The value of the characters in a set can be reversed by including a
caret as the first character of the set. The expression
[^0-9] searches for any character that is not 0 through
9. The caret must be included as the first character in the set or
it loses its inverting function. The expression [0-9^]
searches for any character that is 0 through 9 or a caret.
The backslash must still be used inside the brackets of a set to
"take away" the special meaning of a character. The expression
[\.?!\*] searches for a period or a question mark or an
exclamation point or an asterisk. However the expression
[.?!] searches for any character or a question mark or
an exclamation point that would be the same as searching for any
character by simply using the dot.
The tilde ( ~ ) is another special character used in vi
search strings. You will recall that an empty search string defaults
to the previous search string used in a search command. The tilde
stands for the previous replacement string used in a replacement
command. The following commands search for "lft" and replace it with
"left" then reverse the effect by searching for "left" and replacing it
with "lft." The tilde in the second command is used to stand in for
the first replacement text.
:%s/lft/left/g
:%s/~/lft/g
A more likely use of this special character would be to correct
replacement errors. In the following two commands, the intention was
to replace "lft" with "left" but "left" was incorrectly typed as
"leff". The second command corrects the error by replacing "leff"
with "left".
:%s/lft/leff/g
:%s/~/left/g
Understanding magic
This set of special characters that I have just covered is used
frequently in regular expressions. The backslash to cancel the
special meaning of characters does not always work inside left and
right brackets. The expression [a\-c] which looks like
it should mean a or hyphen or c causes a Re internal
error . This error means that re , the regular
expression parser can't understand what to do with the expression.

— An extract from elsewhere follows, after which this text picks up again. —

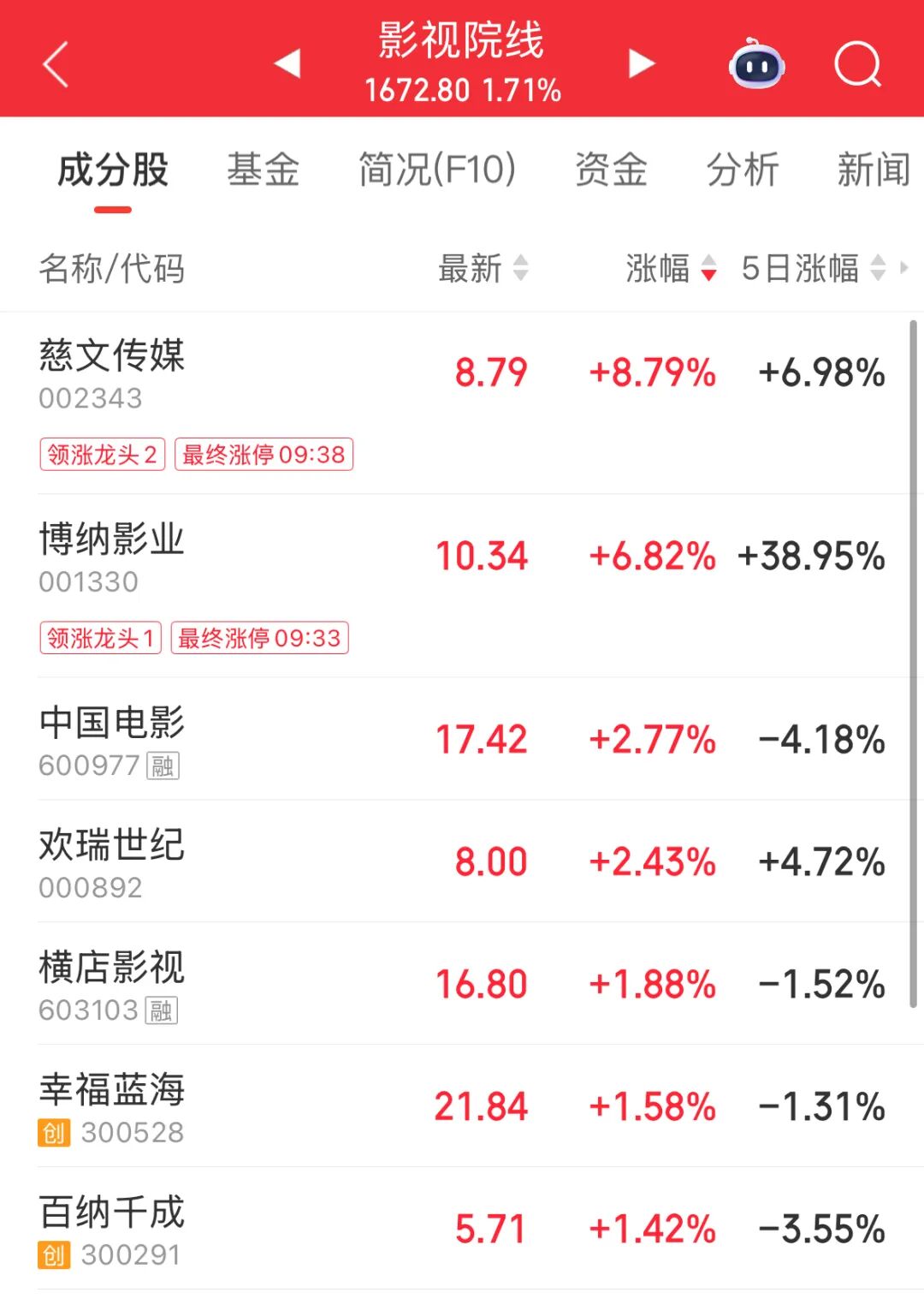 影视板块盘初活跃,慈文传媒、博纳影业触及涨停,中国电影、幸福蓝海、欢瑞世纪、横店影视等跟涨。消息面上,灯塔专业版数据显示,截至12月8日,《疯狂动物城2》在中国内地的票房已突破30亿元。

The backslash will "take away" a special character's status when
magic is set on (:set magic ). When
magic is set off (:set nomagic ) the
special value of all characters is removed except for ^ at the
beginning of a regular expression, $ at the end and the backslash
character itself. In order to create a special character, a
backslash must be added to the character. For example the asterisk
(*) which means zero or more repetitions of the preceding character
loses that meaning when nomagic is set. To search for
zero or more spaces and replace them with one space you would use:
:%s/ \*/ /g
Compare that to the same search and replace with magic set:
:%s/ */ /g
Another useful pair of special characters are created by combining two characters.
\< = Match only at the beginning of a word
\> = Match only at the end of a word
This pair of combination characters remains the same regardless of
magic or nomagic settings. The following
command searches for "wed" only as a whole word and replaces it with
"married".
:%s/\<wed\>/married/g
This prevents the search string from matching the "wed" in "wedding" or "awed".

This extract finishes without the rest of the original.